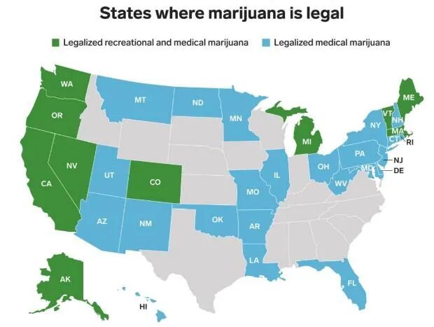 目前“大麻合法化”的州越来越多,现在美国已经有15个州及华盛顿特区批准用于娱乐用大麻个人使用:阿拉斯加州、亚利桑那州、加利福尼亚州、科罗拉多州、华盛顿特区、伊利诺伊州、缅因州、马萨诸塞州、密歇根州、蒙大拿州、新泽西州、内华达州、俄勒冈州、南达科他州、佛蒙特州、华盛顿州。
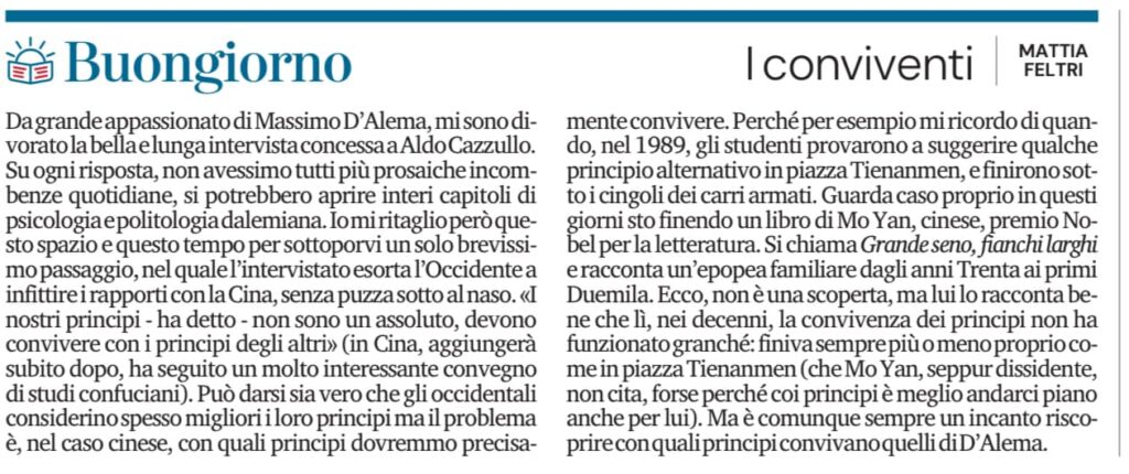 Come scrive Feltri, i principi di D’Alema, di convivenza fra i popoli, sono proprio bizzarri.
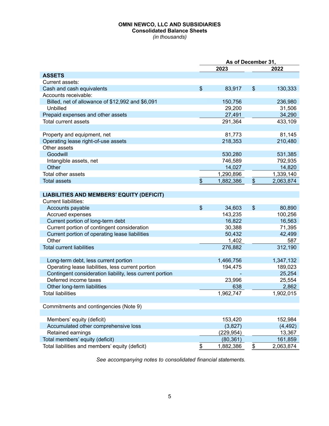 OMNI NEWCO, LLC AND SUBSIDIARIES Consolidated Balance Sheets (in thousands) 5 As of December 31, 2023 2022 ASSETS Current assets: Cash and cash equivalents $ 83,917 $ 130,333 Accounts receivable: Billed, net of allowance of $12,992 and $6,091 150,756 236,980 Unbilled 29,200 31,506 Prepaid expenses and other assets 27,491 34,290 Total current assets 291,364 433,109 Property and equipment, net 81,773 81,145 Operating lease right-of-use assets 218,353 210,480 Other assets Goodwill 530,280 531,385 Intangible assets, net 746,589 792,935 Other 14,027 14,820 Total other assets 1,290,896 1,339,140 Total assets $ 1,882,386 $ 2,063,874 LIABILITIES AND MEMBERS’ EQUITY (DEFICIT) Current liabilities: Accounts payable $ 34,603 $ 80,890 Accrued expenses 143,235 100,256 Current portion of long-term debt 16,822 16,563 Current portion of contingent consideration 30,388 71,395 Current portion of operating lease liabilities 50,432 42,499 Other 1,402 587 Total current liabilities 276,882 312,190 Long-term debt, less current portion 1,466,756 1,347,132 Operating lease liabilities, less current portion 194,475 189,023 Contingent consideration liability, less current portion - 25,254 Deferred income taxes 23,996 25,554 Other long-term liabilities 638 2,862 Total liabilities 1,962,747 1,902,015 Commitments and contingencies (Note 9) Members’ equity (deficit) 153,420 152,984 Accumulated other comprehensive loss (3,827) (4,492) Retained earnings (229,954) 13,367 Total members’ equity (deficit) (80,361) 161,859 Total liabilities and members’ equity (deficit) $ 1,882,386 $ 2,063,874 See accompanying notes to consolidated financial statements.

───

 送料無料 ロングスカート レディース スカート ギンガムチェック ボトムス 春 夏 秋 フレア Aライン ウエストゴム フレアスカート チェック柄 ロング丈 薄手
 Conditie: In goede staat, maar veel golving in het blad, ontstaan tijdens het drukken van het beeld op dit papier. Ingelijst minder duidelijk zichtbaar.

───

The answer is the run of lines above from the line containing "送料無料 ロングスカート レディース" through the line containing "Conditie: In goede", copied exactly and alone.

Answer below.
 送料無料 ロングスカート レディース スカート ギンガムチェック ボトムス 春 夏 秋 フレア Aライン ウエストゴム フレアスカート チェック柄 ロング丈 薄手
 Conditie: In goede staat, maar veel golving in het blad, ontstaan tijdens het drukken van het beeld op dit papier. Ingelijst minder duidelijk zichtbaar.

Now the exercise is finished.